TASK DESCRIPTION ::
Below are records that contain pictures; transcribe the text exactly and omit the pictures.
───── MATERIAL FOR THE TASK
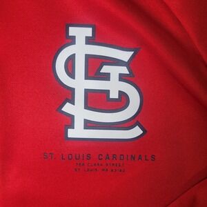 The STL Cardinals Nike 1/4 Zip Pullover is a men's medium Dri-Fit sweatshirt featuring the St. Louis Cardinals team logo, making it an officially licensed Major League Baseball product. Made by Nike in Vietnam, this red sweatshirt is perfect for fans of the Cardinals to wear during the regular season games. The sweatshirt provides comfort and stretch, making it ideal for showing support for your favorite team in style.
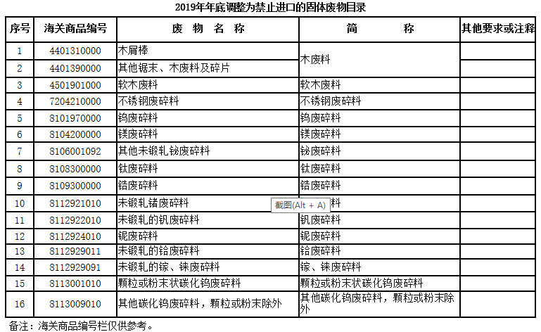 2.2019年年底調(diào)整為禁止進(jìn)口的固體廢物目錄
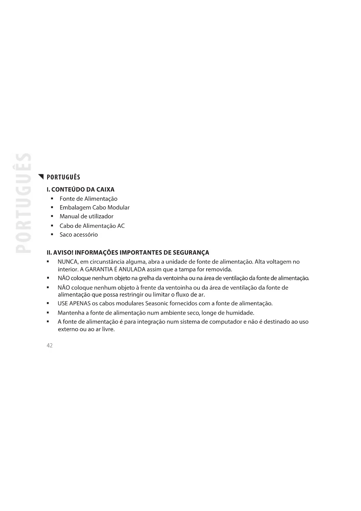A garantia Seasonic abrange todas as fontes de alimentação a partir da sua data de compra, contra defeitos de materiais ou mão de obra. Durante o período de garantia, a Seasonic mantém a descrição para reparar unidades ou substituir componentes defeituosos com peças de desempenho semelhante ou igual, desde que:
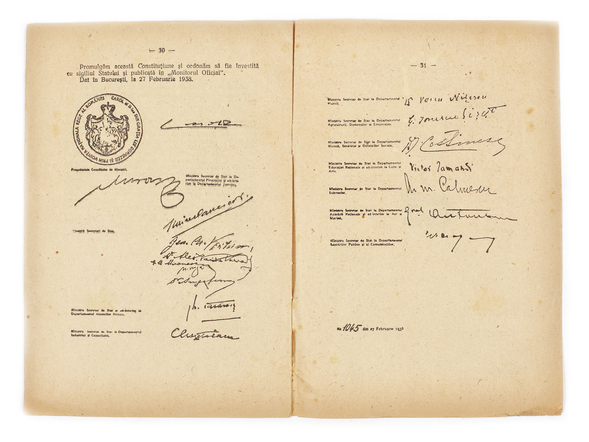 44. "Constituţiunea Regele Carol al II-lea", promulgată la 27 februarie 1938
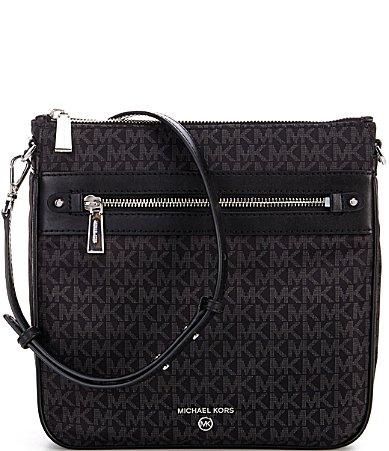 From Michael Kors, the Jet Set Black Signature Logo Charm Large South Crossbody Bag features: Nylon Zip closureInterior: 1 back zip pocket, 1 front slip pocketsExterior: 1 back snap pocket, 1 front zip pocket Removable, adjustable strap Approx. 9.75 W x 9.25 H x 2.5 D bag; 21 - 23 strap dropApprox. weight 0.75 lb. Imported.
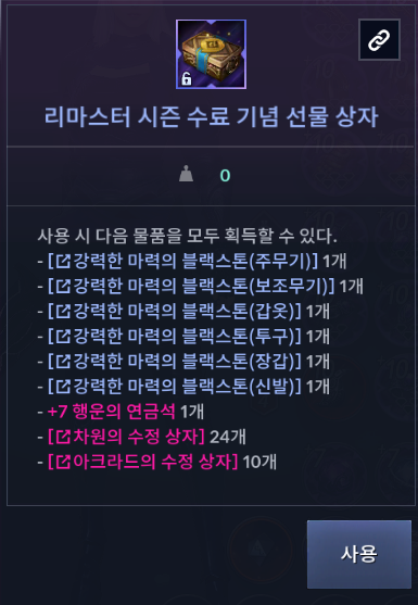내용 : 리마스터 기념 임무를 완료하고, 리마스터 기념 꾸러미를 획득해 보세요!
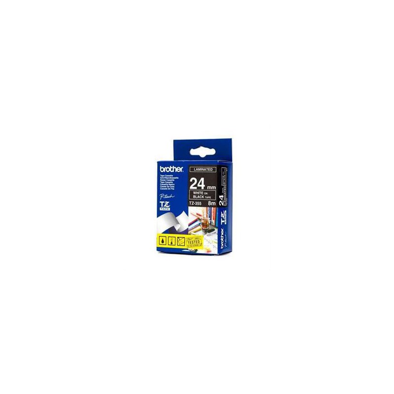 Originální kazeta s páskou Brother TZe-355 - bílý tisk na černé, šířka 24 mm
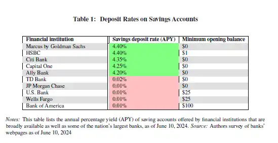 Van Buren Capital 普通合伙人 Scott Johnsson 援引了加州大学洛杉矶分校的一篇论文表示,自 2008 年金融危机致使银行业信誉受损以来,美国的商业银行在吸储业务方面已分化为两类截然不同的形态——高利率银行和低利率银行。
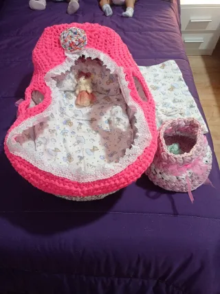 Precioso moisés tejido a mano en color rosa, perfecto para los más pequeños. Incluye un dulce osito de peluche y un conjunto de patucos a juego. - Tejido exterior de punto grueso en color rosa. - Forro interior con estampado de nubes y ositos. - Adorno de encaje blanco en el borde. - Incluye un osito de peluche. - Conjunto de patucos tejidos a juego. Especial para reborn 30€
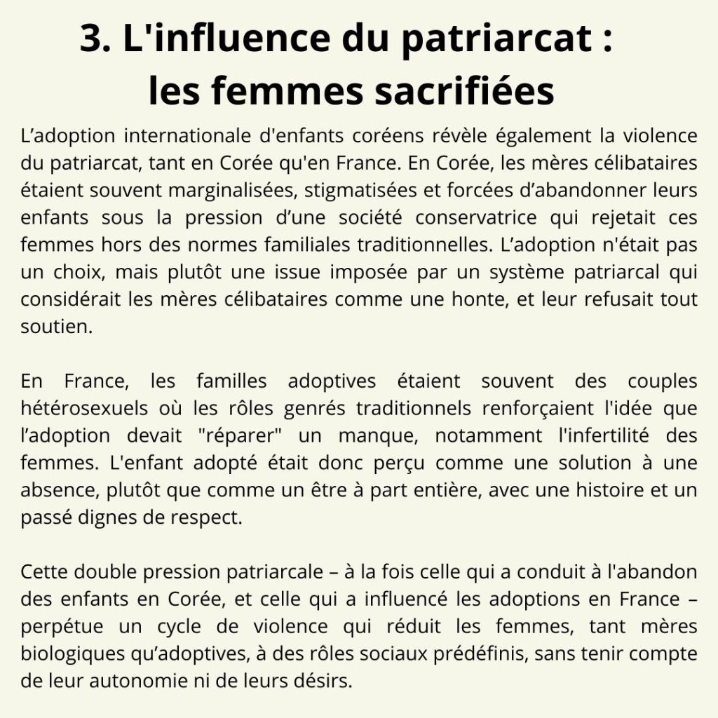 L’adoption internationale d’enfants coréens révèle également la violence du patriarcat, tant en Corée qu’en France. En Corée, les mères célibataires étaient souvent marginalisées, stigmatisées et forcées d’abandonner leurs enfants sous la pression d’une société conservatrice qui rejetait ces femmes hors des normes familiales traditionnelles. L’adoption n’était pas un choix, mais plutôt une issue imposée par un système patriarcal qui considérait les mères célibataires comme une honte, et leur refusait tout soutien.
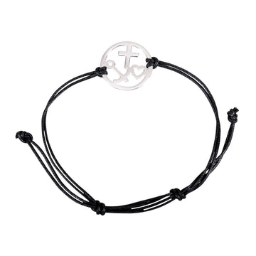 Hochwertiges Armband aus Textilbändern, Größe variabel einstellbar. Mittig rundes Element mit den Symbolen Kreuz, Anker und Herz für Glaube Hoffnung Liebe aus glänzendem 925 Sterlingsilber.
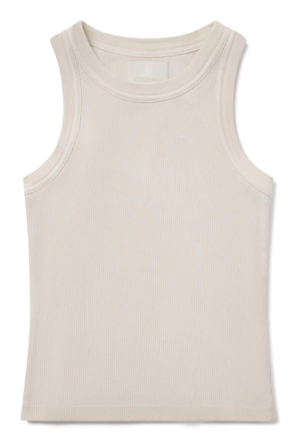 DETAILS AND INSIGHT Citizens Of Humanity isabel rib tank in dune. 49% Tencel Lyocell 49% Organic Cotton 2% Spandex Machine Wash Cold Made In Usa With Imported Materials Style 9201-3004-DN
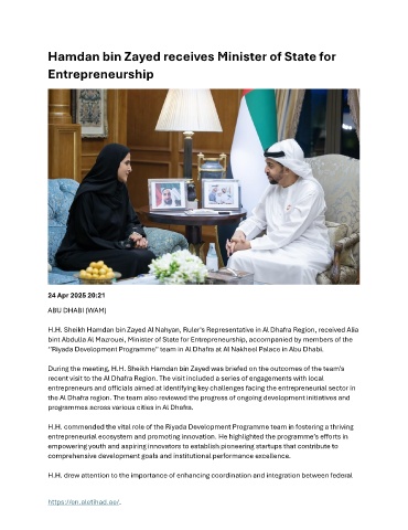 H.H. Sheikh Hamdan bin Zayed Al Nahyan, Ruler's Representative in Al Dhafra Region, received Alia
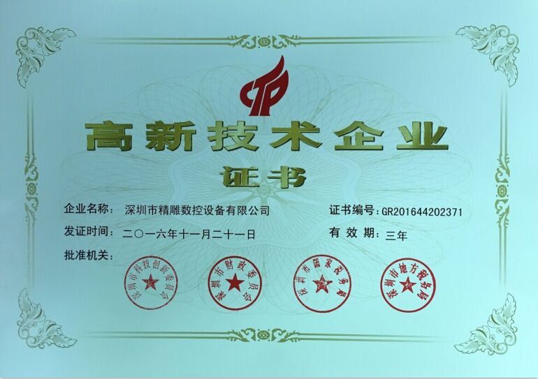 深圳市精雕數控設備有限公司2017年正式拿到國家國高企業認定證書。
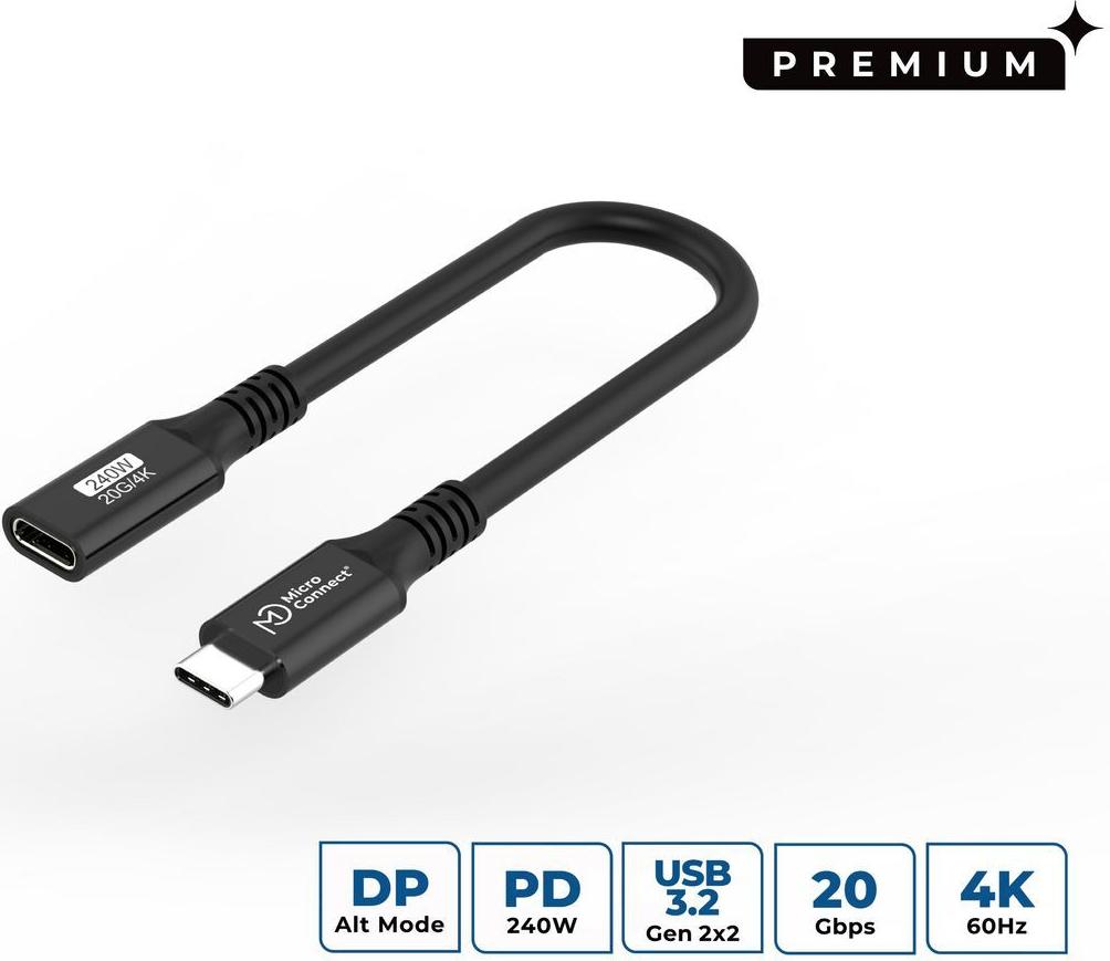 • MicroConnect Premium USB-C cable Extender 20Gbps 240W USB 3.2 (USB3.2CC015EX)
──────────
TASK SOLUTION ::
 The STL Cardinals Nike 1/4 Zip Pullover is a men's medium Dri-Fit sweatshirt featuring the St. Louis Cardinals team logo, making it an officially licensed Major League Baseball product. Made by Nike in Vietnam, this red sweatshirt is perfect for fans of the Cardinals to wear during the regular season games. The sweatshirt provides comfort and stretch, making it ideal for showing support for your favorite team in style.
 2.2019年年底調(diào)整為禁止進(jìn)口的固體廢物目錄
A garantia Seasonic abrange todas as fontes de alimentação a partir da sua data de compra, contra defeitos de materiais ou mão de obra. Durante o período de garantia, a Seasonic mantém a descrição para reparar unidades ou substituir componentes defeituosos com peças de desempenho semelhante ou igual, desde que:
 44. "Constituţiunea Regele Carol al II-lea", promulgată la 27 februarie 1938
 From Michael Kors, the Jet Set Black Signature Logo Charm Large South Crossbody Bag features: Nylon Zip closureInterior: 1 back zip pocket, 1 front slip pocketsExterior: 1 back snap pocket, 1 front zip pocket Removable, adjustable strap Approx. 9.75 W x 9.25 H x 2.5 D bag; 21 - 23 strap dropApprox. weight 0.75 lb. Imported.
내용 : 리마스터 기념 임무를 완료하고, 리마스터 기념 꾸러미를 획득해 보세요!
 Originální kazeta s páskou Brother TZe-355 - bílý tisk na černé, šířka 24 mm
 Van Buren Capital 普通合伙人 Scott Johnsson 援引了加州大学洛杉矶分校的一篇论文表示,自 2008 年金融危机致使银行业信誉受损以来,美国的商业银行在吸储业务方面已分化为两类截然不同的形态——高利率银行和低利率银行。
 Precioso moisés tejido a mano en color rosa, perfecto para los más pequeños. Incluye un dulce osito de peluche y un conjunto de patucos a juego. - Tejido exterior de punto grueso en color rosa. - Forro interior con estampado de nubes y ositos. - Adorno de encaje blanco en el borde. - Incluye un osito de peluche. - Conjunto de patucos tejidos a juego. Especial para reborn 30€
 L’adoption internationale d’enfants coréens révèle également la violence du patriarcat, tant en Corée qu’en France. En Corée, les mères célibataires étaient souvent marginalisées, stigmatisées et forcées d’abandonner leurs enfants sous la pression d’une société conservatrice qui rejetait ces femmes hors des normes familiales traditionnelles. L’adoption n’était pas un choix, mais plutôt une issue imposée par un système patriarcal qui considérait les mères célibataires comme une honte, et leur refusait tout soutien.
 Hochwertiges Armband aus Textilbändern, Größe variabel einstellbar. Mittig rundes Element mit den Symbolen Kreuz, Anker und Herz für Glaube Hoffnung Liebe aus glänzendem 925 Sterlingsilber.
 DETAILS AND INSIGHT Citizens Of Humanity isabel rib tank in dune. 49% Tencel Lyocell 49% Organic Cotton 2% Spandex Machine Wash Cold Made In Usa With Imported Materials Style 9201-3004-DN
 H.H. Sheikh Hamdan bin Zayed Al Nahyan, Ruler's Representative in Al Dhafra Region, received Alia
 深圳市精雕數控設備有限公司2017年正式拿到國家國高企業認定證書。
 • MicroConnect Premium USB-C cable Extender 20Gbps 240W USB 3.2 (USB3.2CC015EX)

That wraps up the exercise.